▶ **Work instruction**
Without copying any picture, transcribe exactly the lines of the data below from the one containing "11月22日的《德州日報》也" through the one containing "PARAMETER A: ADMINISTRATION".

▶ **Data for review**
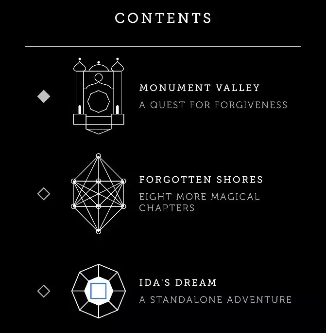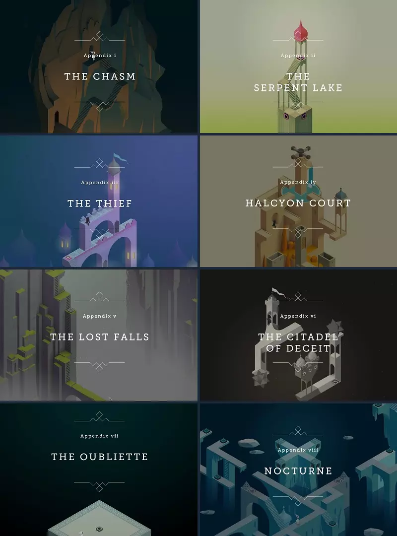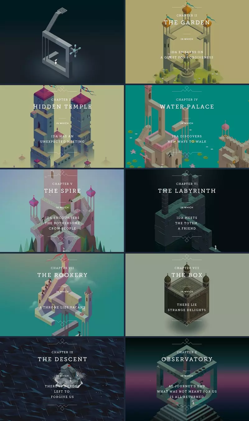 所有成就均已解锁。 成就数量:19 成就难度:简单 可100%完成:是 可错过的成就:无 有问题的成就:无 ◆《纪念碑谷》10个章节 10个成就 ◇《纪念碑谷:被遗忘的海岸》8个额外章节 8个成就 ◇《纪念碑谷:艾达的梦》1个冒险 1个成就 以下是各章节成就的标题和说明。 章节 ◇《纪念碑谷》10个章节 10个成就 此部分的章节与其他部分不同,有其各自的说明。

==

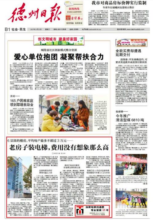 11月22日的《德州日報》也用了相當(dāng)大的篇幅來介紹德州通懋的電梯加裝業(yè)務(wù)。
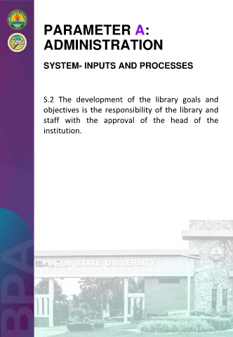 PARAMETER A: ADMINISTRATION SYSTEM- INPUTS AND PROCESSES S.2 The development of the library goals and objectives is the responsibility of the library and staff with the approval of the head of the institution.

--

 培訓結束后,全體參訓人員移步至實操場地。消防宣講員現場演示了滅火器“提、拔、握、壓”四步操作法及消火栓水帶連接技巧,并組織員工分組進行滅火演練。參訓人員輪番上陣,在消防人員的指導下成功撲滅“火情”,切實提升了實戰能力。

▶ **Answer box**
 11月22日的《德州日報》也用了相當(dāng)大的篇幅來介紹德州通懋的電梯加裝業(yè)務(wù)。
 PARAMETER A: ADMINISTRATION SYSTEM- INPUTS AND PROCESSES S.2 The development of the library goals and objectives is the responsibility of the library and staff with the approval of the head of the institution.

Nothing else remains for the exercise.